## Task objective
Would you copy the records below, exactly and only from their first line through the line containing "The Duke of Cambridge", without any pictures?

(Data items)
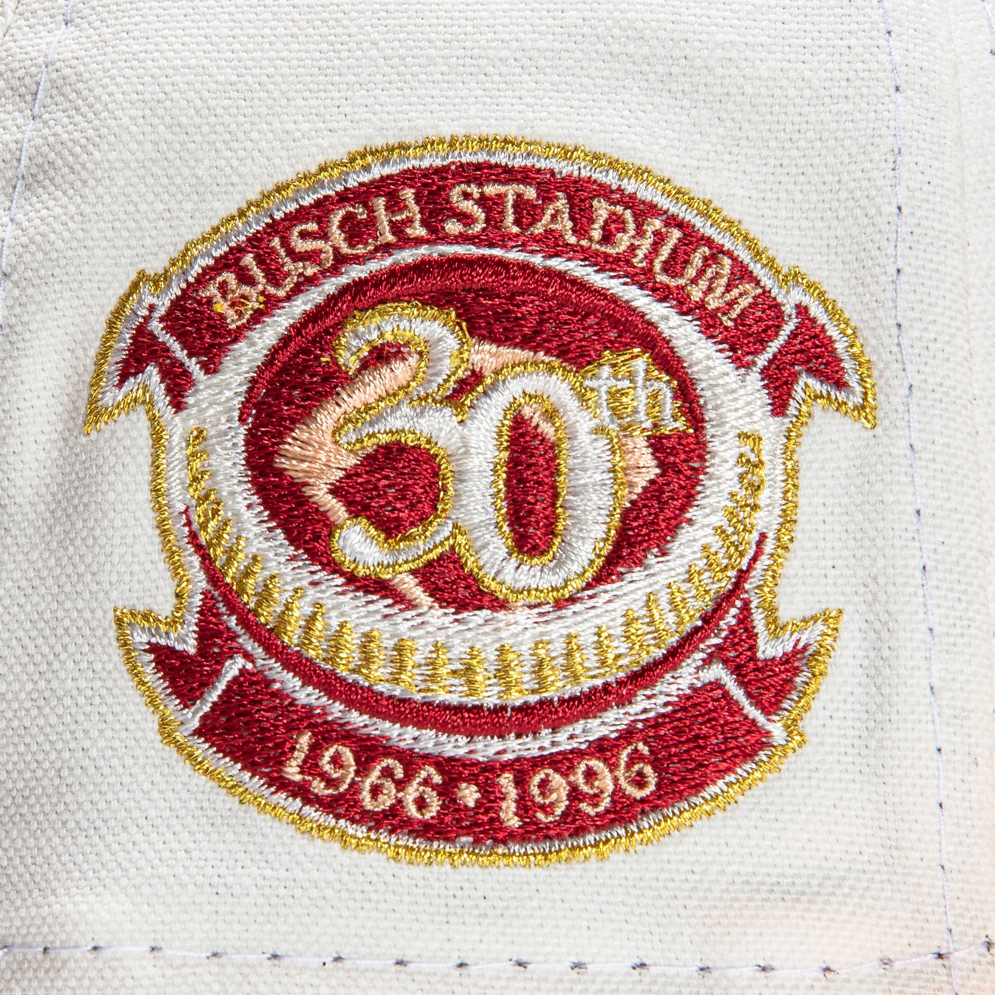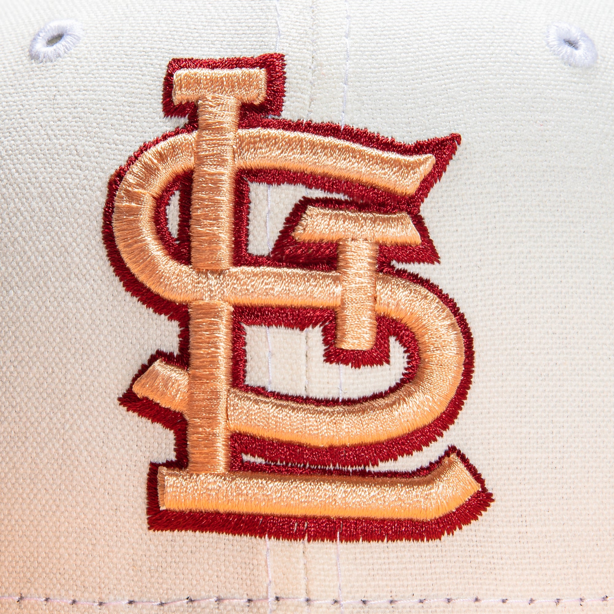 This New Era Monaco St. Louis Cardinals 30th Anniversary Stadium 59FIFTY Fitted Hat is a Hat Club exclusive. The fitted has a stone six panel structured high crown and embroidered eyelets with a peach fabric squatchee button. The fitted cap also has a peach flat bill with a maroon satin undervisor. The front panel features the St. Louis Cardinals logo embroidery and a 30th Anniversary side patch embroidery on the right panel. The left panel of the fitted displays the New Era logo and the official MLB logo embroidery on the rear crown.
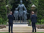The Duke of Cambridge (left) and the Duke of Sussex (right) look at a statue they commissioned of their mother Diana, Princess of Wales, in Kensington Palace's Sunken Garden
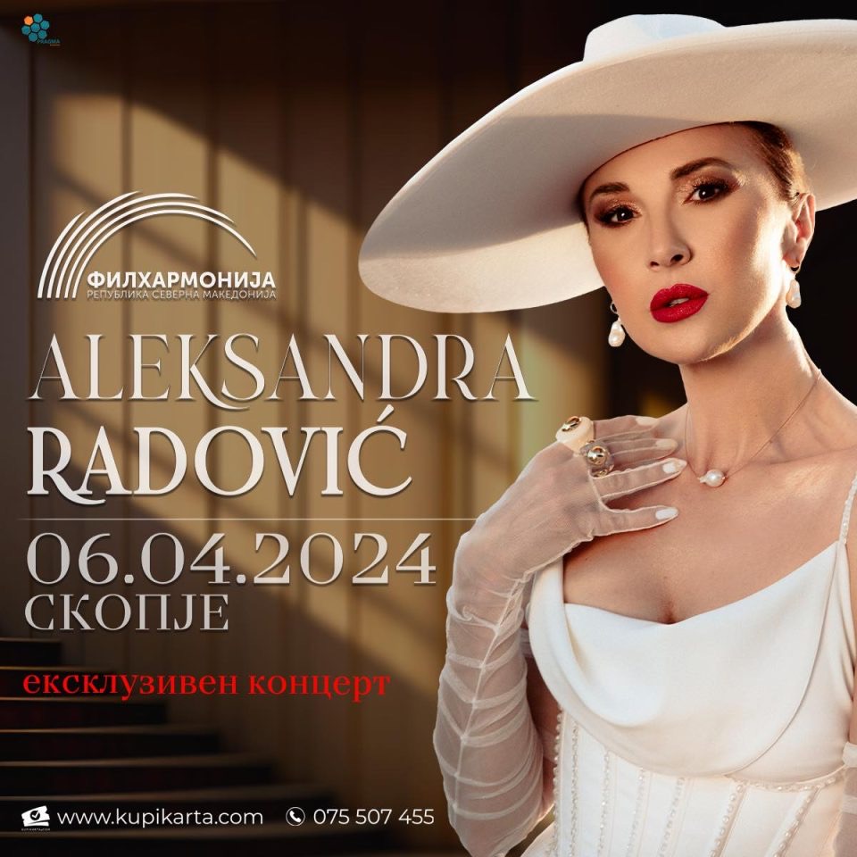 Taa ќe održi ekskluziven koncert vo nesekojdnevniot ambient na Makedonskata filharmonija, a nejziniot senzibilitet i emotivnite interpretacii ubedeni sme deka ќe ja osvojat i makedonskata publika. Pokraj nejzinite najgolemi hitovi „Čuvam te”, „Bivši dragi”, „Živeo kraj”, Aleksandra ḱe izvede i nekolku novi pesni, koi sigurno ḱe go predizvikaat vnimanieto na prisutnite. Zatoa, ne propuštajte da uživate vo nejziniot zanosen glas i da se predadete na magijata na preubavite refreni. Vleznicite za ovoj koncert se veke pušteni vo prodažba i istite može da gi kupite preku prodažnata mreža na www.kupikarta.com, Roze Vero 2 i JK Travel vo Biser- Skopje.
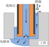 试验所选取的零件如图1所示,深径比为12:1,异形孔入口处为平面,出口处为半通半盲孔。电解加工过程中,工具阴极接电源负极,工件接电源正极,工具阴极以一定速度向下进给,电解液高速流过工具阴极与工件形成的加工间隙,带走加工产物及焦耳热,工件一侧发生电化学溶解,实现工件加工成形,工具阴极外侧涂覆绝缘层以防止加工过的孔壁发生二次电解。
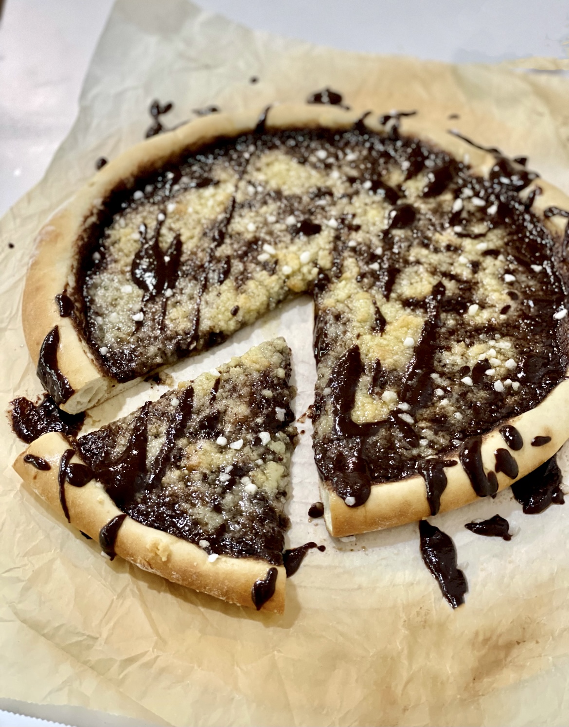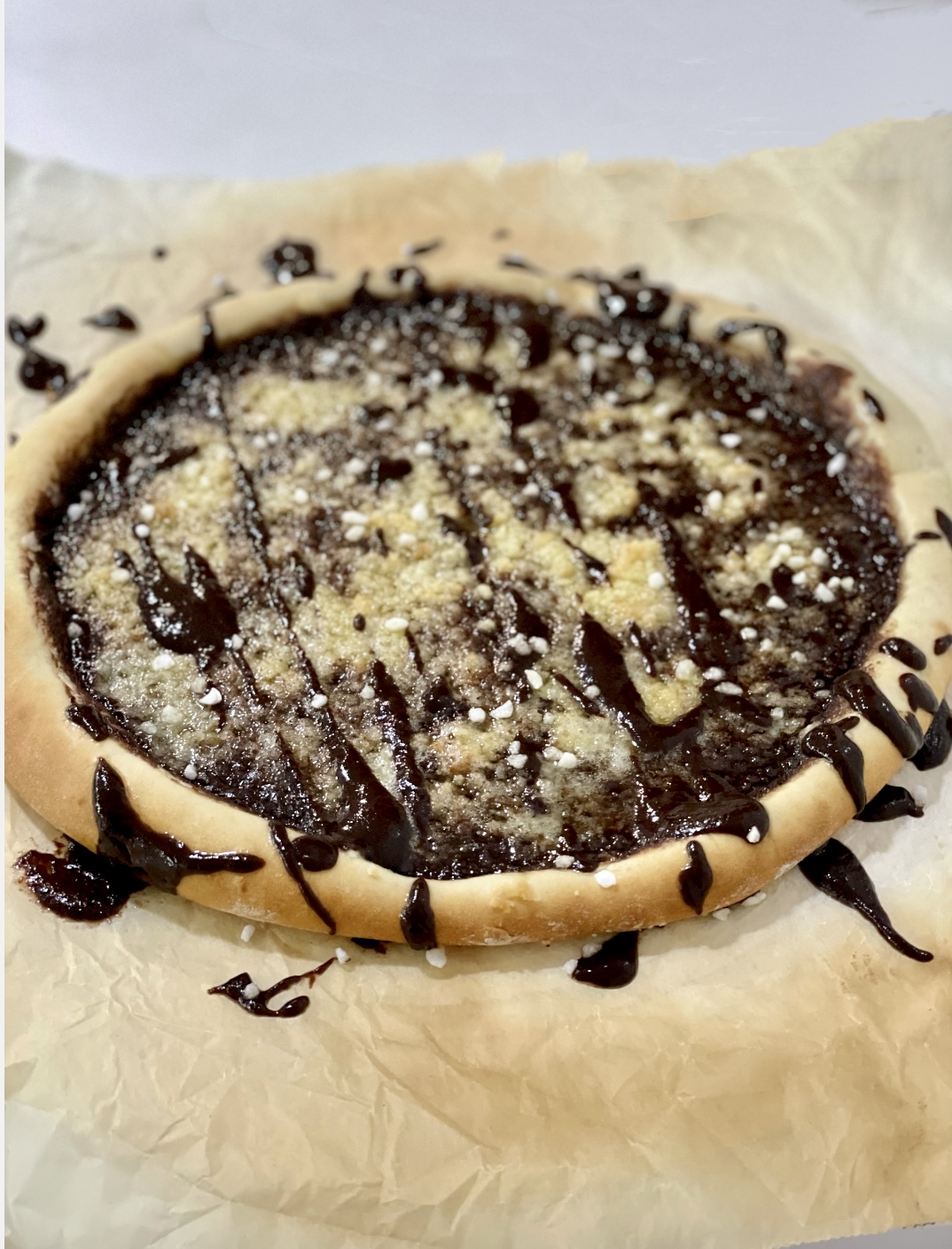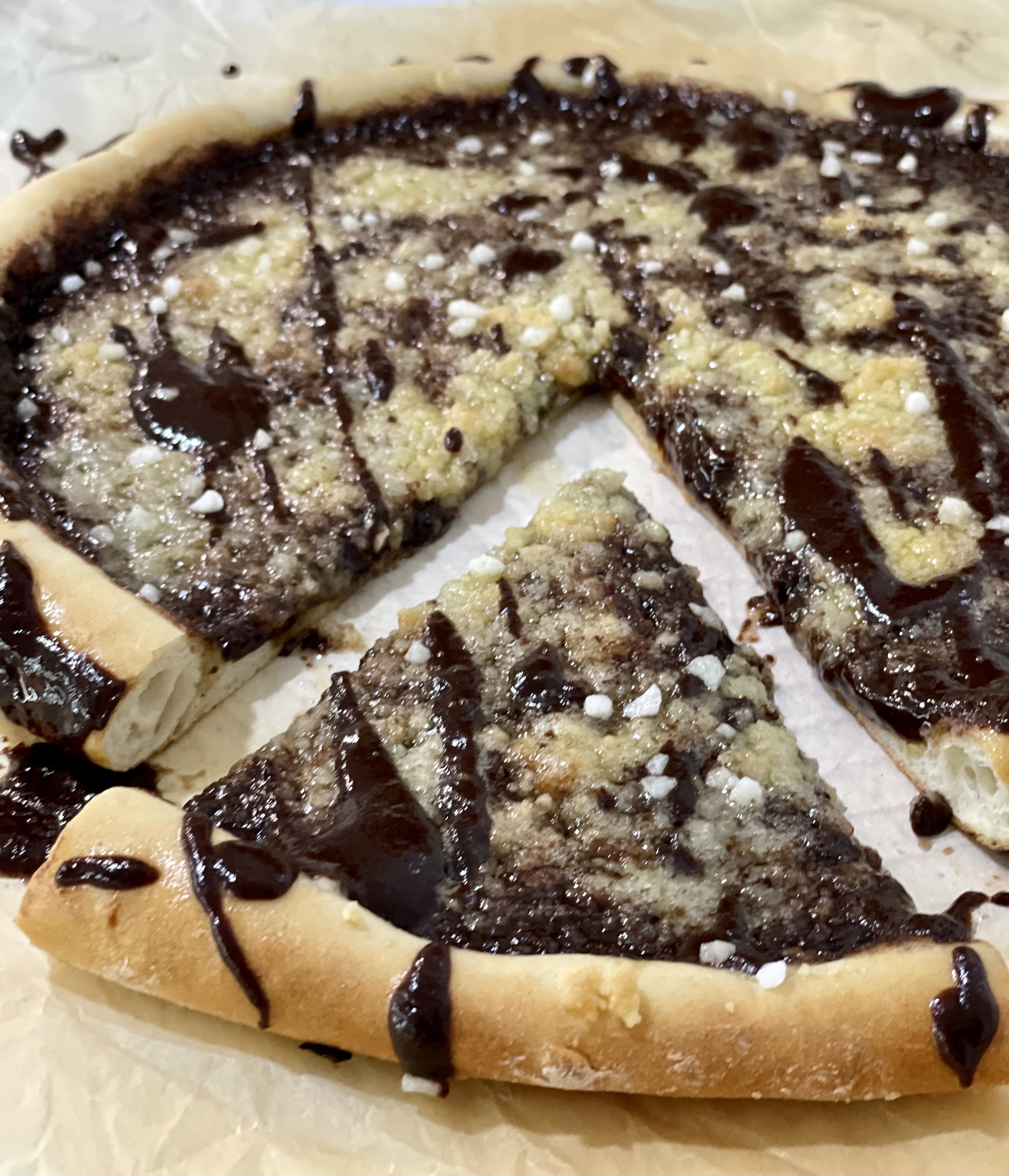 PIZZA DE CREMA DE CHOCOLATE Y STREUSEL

## Completed task
 This New Era Monaco St. Louis Cardinals 30th Anniversary Stadium 59FIFTY Fitted Hat is a Hat Club exclusive. The fitted has a stone six panel structured high crown and embroidered eyelets with a peach fabric squatchee button. The fitted cap also has a peach flat bill with a maroon satin undervisor. The front panel features the St. Louis Cardinals logo embroidery and a 30th Anniversary side patch embroidery on the right panel. The left panel of the fitted displays the New Era logo and the official MLB logo embroidery on the rear crown.
The Duke of Cambridge (left) and the Duke of Sussex (right) look at a statue they commissioned of their mother Diana, Princess of Wales, in Kensington Palace's Sunken Garden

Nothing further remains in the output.